» **Work to be completed**
Exclude images, then output the remaining data verbatim.

» **Material provided**

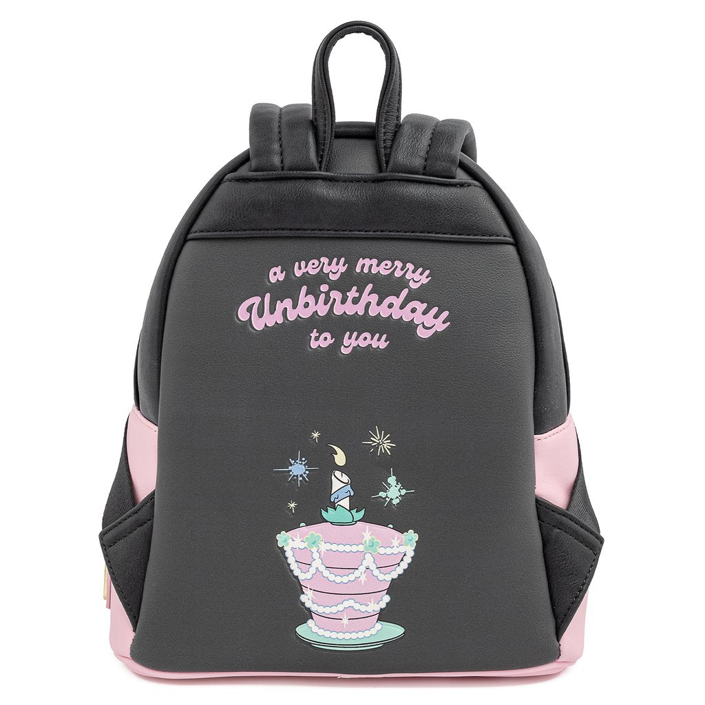 Celebre el 70 aniversario de Alicia en el país de las maravillas y un muy feliz no cumpleaños o tal vez una fiesta de té perfectamente loca con la mini mochila Disney Alicia en el país de las maravillas A Very Merry Unbirthday to You. Verás al Sombrerero Loco, El Lirón y la Liebre de Marzo sirviendo té mientras están sentados en una taza de té. Este bolso es perfecto para llevar tus necesidades mientras deambulas por el País de las Maravillas.\
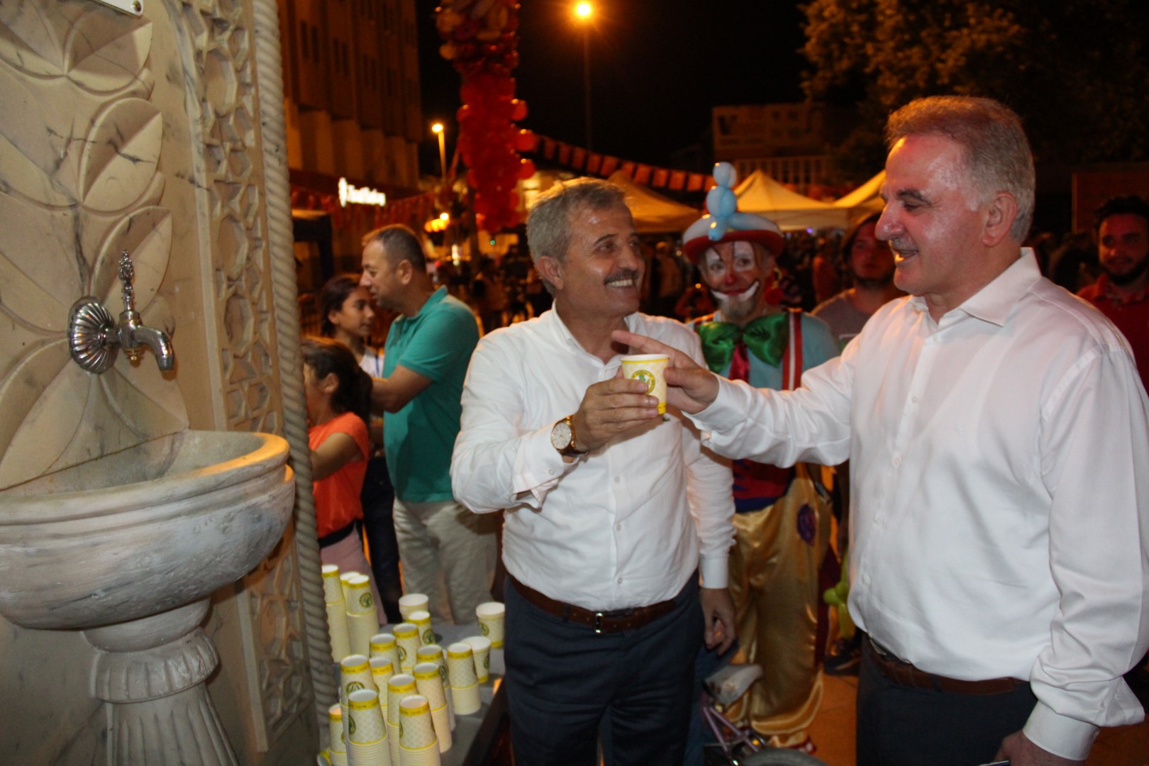 Belediye Başkanı Ahmet Soğuk ’un vatandaşlara limonata ikramı esnasın da, Sakarya Ün. Rektörü Prof. Dr. Muzaffer Elmas’ta çeşmeyi ziyaret etti. Soğuk ve Elmas bir süre sohbet ettikten sonra Başkan Soğuk, Elmas’a çeşmeden limonata ikram etti.
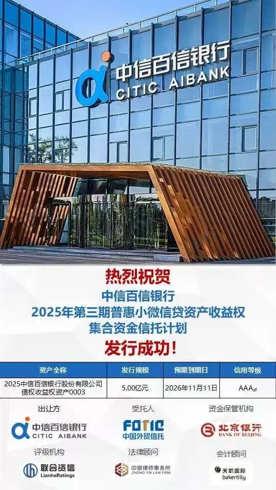 中银律师助力中信百信银行2025年第三期普惠小微信贷资产收益权集合资金信托计划项目成功落地

» **Answer space**
 Celebre el 70 aniversario de Alicia en el país de las maravillas y un muy feliz no cumpleaños o tal vez una fiesta de té perfectamente loca con la mini mochila Disney Alicia en el país de las maravillas A Very Merry Unbirthday to You. Verás al Sombrerero Loco, El Lirón y la Liebre de Marzo sirviendo té mientras están sentados en una taza de té. Este bolso es perfecto para llevar tus necesidades mientras deambulas por el País de las Maravillas.\
 Belediye Başkanı Ahmet Soğuk ’un vatandaşlara limonata ikramı esnasın da, Sakarya Ün. Rektörü Prof. Dr. Muzaffer Elmas’ta çeşmeyi ziyaret etti. Soğuk ve Elmas bir süre sohbet ettikten sonra Başkan Soğuk, Elmas’a çeşmeden limonata ikram etti.
 中银律师助力中信百信银行2025年第三期普惠小微信贷资产收益权集合资金信托计划项目成功落地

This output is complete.